[YOUR ASSIGNMENT] Give back the records below exactly, every one, with no pictures.

*** Opening of INPUT RECORDS ***

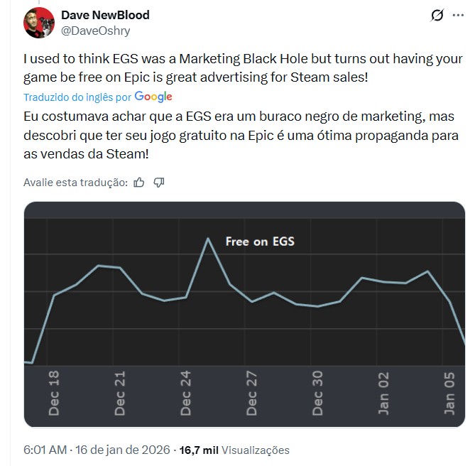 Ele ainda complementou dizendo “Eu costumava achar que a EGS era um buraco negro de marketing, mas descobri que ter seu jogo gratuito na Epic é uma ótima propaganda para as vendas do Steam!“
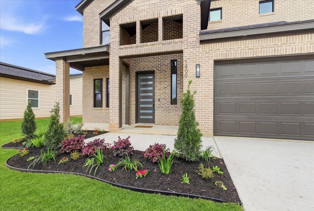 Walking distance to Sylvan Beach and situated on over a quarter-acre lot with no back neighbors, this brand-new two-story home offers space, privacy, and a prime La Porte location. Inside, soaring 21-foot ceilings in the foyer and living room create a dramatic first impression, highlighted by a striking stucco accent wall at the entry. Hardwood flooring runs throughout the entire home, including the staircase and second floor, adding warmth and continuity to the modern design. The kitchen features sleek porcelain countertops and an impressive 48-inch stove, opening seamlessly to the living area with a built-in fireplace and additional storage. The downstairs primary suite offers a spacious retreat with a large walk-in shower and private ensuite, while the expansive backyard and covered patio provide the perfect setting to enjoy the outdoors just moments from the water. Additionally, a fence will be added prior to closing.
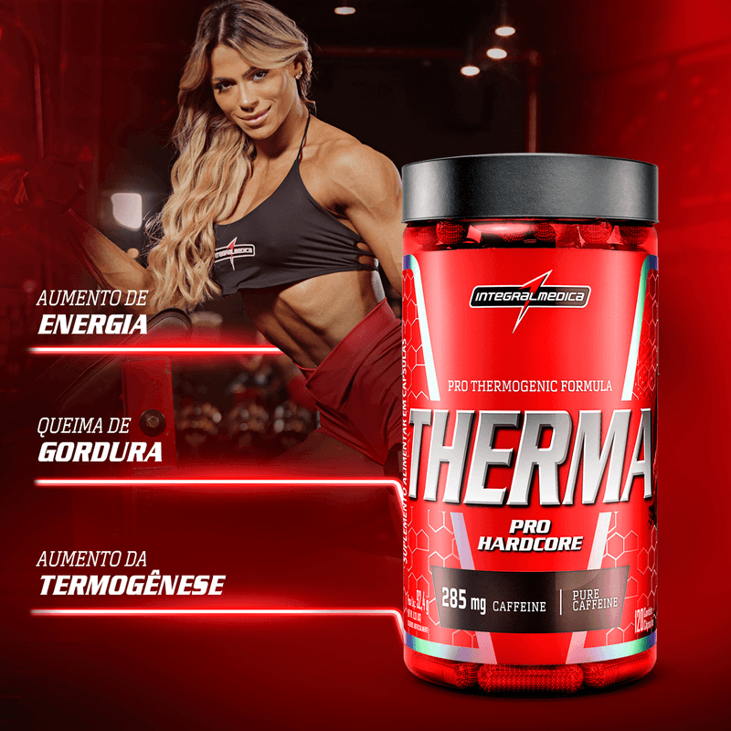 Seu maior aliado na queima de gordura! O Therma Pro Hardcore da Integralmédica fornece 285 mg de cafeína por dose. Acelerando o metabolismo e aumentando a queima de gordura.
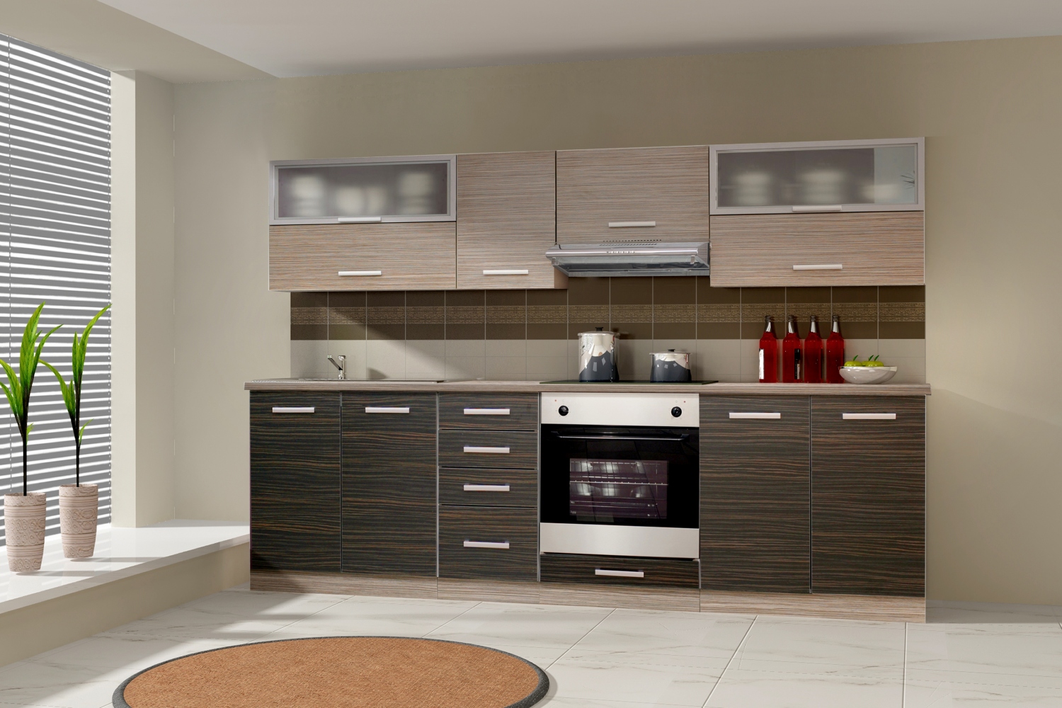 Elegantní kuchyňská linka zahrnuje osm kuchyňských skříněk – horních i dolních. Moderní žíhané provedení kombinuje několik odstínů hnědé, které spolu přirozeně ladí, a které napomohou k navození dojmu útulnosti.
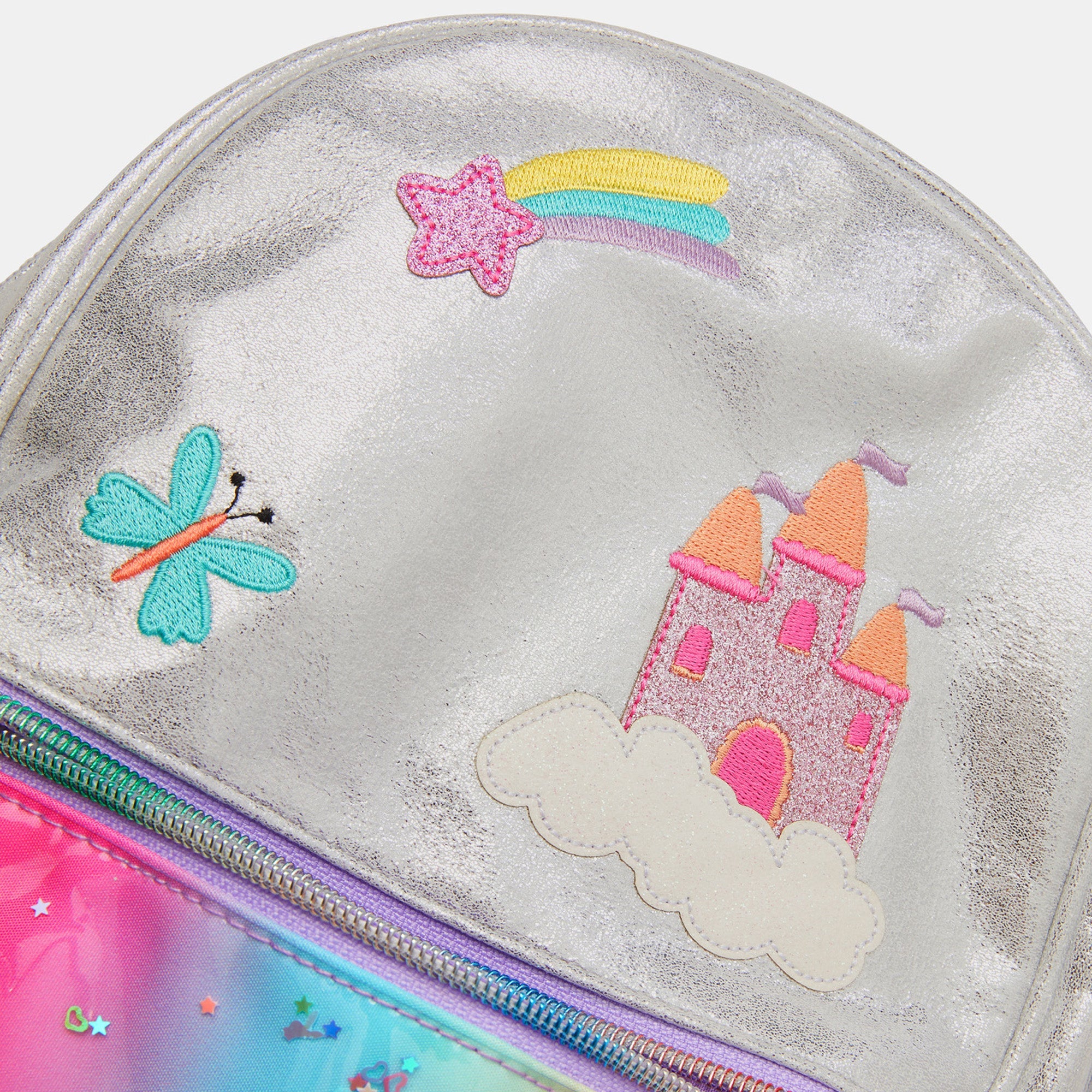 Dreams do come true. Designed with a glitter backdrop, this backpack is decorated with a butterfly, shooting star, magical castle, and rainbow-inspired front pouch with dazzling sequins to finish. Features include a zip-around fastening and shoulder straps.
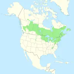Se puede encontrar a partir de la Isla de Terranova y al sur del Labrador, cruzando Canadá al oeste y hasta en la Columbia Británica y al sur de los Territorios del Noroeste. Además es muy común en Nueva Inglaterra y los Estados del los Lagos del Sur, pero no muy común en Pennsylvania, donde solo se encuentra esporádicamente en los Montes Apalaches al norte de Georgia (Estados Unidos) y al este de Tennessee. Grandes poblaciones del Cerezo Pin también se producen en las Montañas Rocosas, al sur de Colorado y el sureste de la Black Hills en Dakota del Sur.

*** Close of INPUT RECORDS ***

[ANSWER TO THE EXERCISE]
 Ele ainda complementou dizendo “Eu costumava achar que a EGS era um buraco negro de marketing, mas descobri que ter seu jogo gratuito na Epic é uma ótima propaganda para as vendas do Steam!“
 Walking distance to Sylvan Beach and situated on over a quarter-acre lot with no back neighbors, this brand-new two-story home offers space, privacy, and a prime La Porte location. Inside, soaring 21-foot ceilings in the foyer and living room create a dramatic first impression, highlighted by a striking stucco accent wall at the entry. Hardwood flooring runs throughout the entire home, including the staircase and second floor, adding warmth and continuity to the modern design. The kitchen features sleek porcelain countertops and an impressive 48-inch stove, opening seamlessly to the living area with a built-in fireplace and additional storage. The downstairs primary suite offers a spacious retreat with a large walk-in shower and private ensuite, while the expansive backyard and covered patio provide the perfect setting to enjoy the outdoors just moments from the water. Additionally, a fence will be added prior to closing.
 Seu maior aliado na queima de gordura! O Therma Pro Hardcore da Integralmédica fornece 285 mg de cafeína por dose. Acelerando o metabolismo e aumentando a queima de gordura.
 Elegantní kuchyňská linka zahrnuje osm kuchyňských skříněk – horních i dolních. Moderní žíhané provedení kombinuje několik odstínů hnědé, které spolu přirozeně ladí, a které napomohou k navození dojmu útulnosti.
 Dreams do come true. Designed with a glitter backdrop, this backpack is decorated with a butterfly, shooting star, magical castle, and rainbow-inspired front pouch with dazzling sequins to finish. Features include a zip-around fastening and shoulder straps.
Se puede encontrar a partir de la Isla de Terranova y al sur del Labrador, cruzando Canadá al oeste y hasta en la Columbia Británica y al sur de los Territorios del Noroeste. Además es muy común en Nueva Inglaterra y los Estados del los Lagos del Sur, pero no muy común en Pennsylvania, donde solo se encuentra esporádicamente en los Montes Apalaches al norte de Georgia (Estados Unidos) y al este de Tennessee. Grandes poblaciones del Cerezo Pin también se producen en las Montañas Rocosas, al sur de Colorado y el sureste de la Black Hills en Dakota del Sur.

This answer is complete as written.